Q:  After you went to his room, what happened?

A:  He asked me if I would come to court and lie for him.

Q:  Did he specifically tell you more details about what he wanted you to say?

A:  No.  He just—he wrote what he wanted me to say on paper.

Q:  Did he tell you generally what that would be about?

A:  An upcoming court case[].

10      Barringer also testified regarding the circumstances surrounding Hansen’s delivery of the written “script.”  He was asked whether Hansen said anything while he was preparing the script, and Barringer responded:

A:  He never wrote this in my presence.  He just asked me if I would come to court and lie for him.  And then later on that day, he had written this out and gave it to me.

   ….

Q:  He just asks you straight out, Would you come to court and lie for me?

A:  He said he just got done talking to [another inmate], and he wanted to know if I would come to court and lie for him.  That is when he scripted this up and handed it to me later that day.

11      The State also submitted into evidence the request form Barringer sent to the district attorney’s office.  On the form, Barringer advised, “I need to speak with someone out of your office. … Jeff Hansen has scripted a lie on paper for me to tell the jury.  I do have the paper … in my possession.”

12      Asking Barringer to lie, then providing him with the text of the lie Hansen expected him to tell, indicates Hansen advised Barringer to commit perjury and that Hansen unequivocally intended perjury be committed.  It is the jury’s function to balance the credibility of witnesses and the weight to be assigned to their testimony.  Morden v. Continental AG, 2000 WI 51, ¶39, 235 Wis. 2d 325, 611 N.W.2d 659.  Barringer’s testimony is not patently incredible and, once the jury accepted it, his testimony was a sufficient basis on which the jury could convict Hansen for solicitation of perjury. 

13      Hansen also asserts there is insufficient evidence to convict him of intimidation of a witness.  The relevant elements of that crime required the State to prove Hansen “attempted to dissuade Joseph Barringer from attending or giving testimony at a proceeding authorized by law” and Hansen acted “knowingly and maliciously … with the purpose to prevent [Barringer] from testifying.”  Hansen asserts there is no evidence Hansen attempted to dissuade Barringer from giving testimony; that is, he claims he “did not try to prevent Barringer from doing anything.”  Moreover, because Barringer testified he was unaware of the “snitch” signs, Hansen asserts “it would be impossible for him to be intimidated by those words or that sign.”
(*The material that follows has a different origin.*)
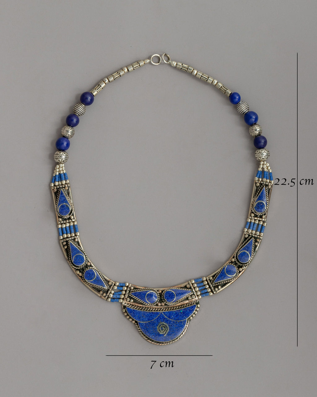 The necklace is 25.5 cm long and 7 cm wide, making it suitable for casual and formal outfits. It weighs just 0.118 kg, making it comfortable for long periods. The lapis lazuli, known for its deep blue color, adds elegance and is a popular stone in spiritual jewelry due to its purported benefits.

14      Again, Hansen argues about the State’s failure to prove a non-existent element.  Nothing about intimidation of a witness requires that witness actually be intimidated.  Rather, the focus is on the defendant’s intent.  Thus, the fact that Barringer may not have been aware of Hansen’s signs or his designation of Barringer as a snitch is irrelevant.

15      What is relevant, however, is that shortly after Hansen learned Barringer was called to testify at the preliminary hearing on the solicitation of perjury charge, Hansen created signs identifying Barringer as a snitch and identifying Barringer’s cell.  The jury heard evidence that an inmate’s safety is often jeopardized once branded a snitch, and Hansen’s cellmate testified Hansen called Barringer a snitch in the hope that another inmate would harm him.  Moreover, Hansen admitted he was trying to send Barringer a message, although Hansen testified the message was merely meant to ridicule Barringer, not dissuade his testimony.  A reasonable jury could infer that making a sign branding Barringer as a snitch was a knowing and malicious attempt to dissuade him from either: (1) attending a court proceeding by attempting to incite violence against Barringer, thereby physically incapacitating him, or (2) actually giving testimony by pressuring him to recant his statements so the “snitch” designation would be withdrawn and he could avoid physical harm. 

           


By the Court.—Judgments affirmed.  

            This opinion will not be published.  See Wis. Stat. Rule 809.23(1)(b)5.

 

 

 

 

 


 



[1]  Hansen was also charged with, and convicted on, two counts of disorderly conduct.  He does not challenge that portion of the judgment.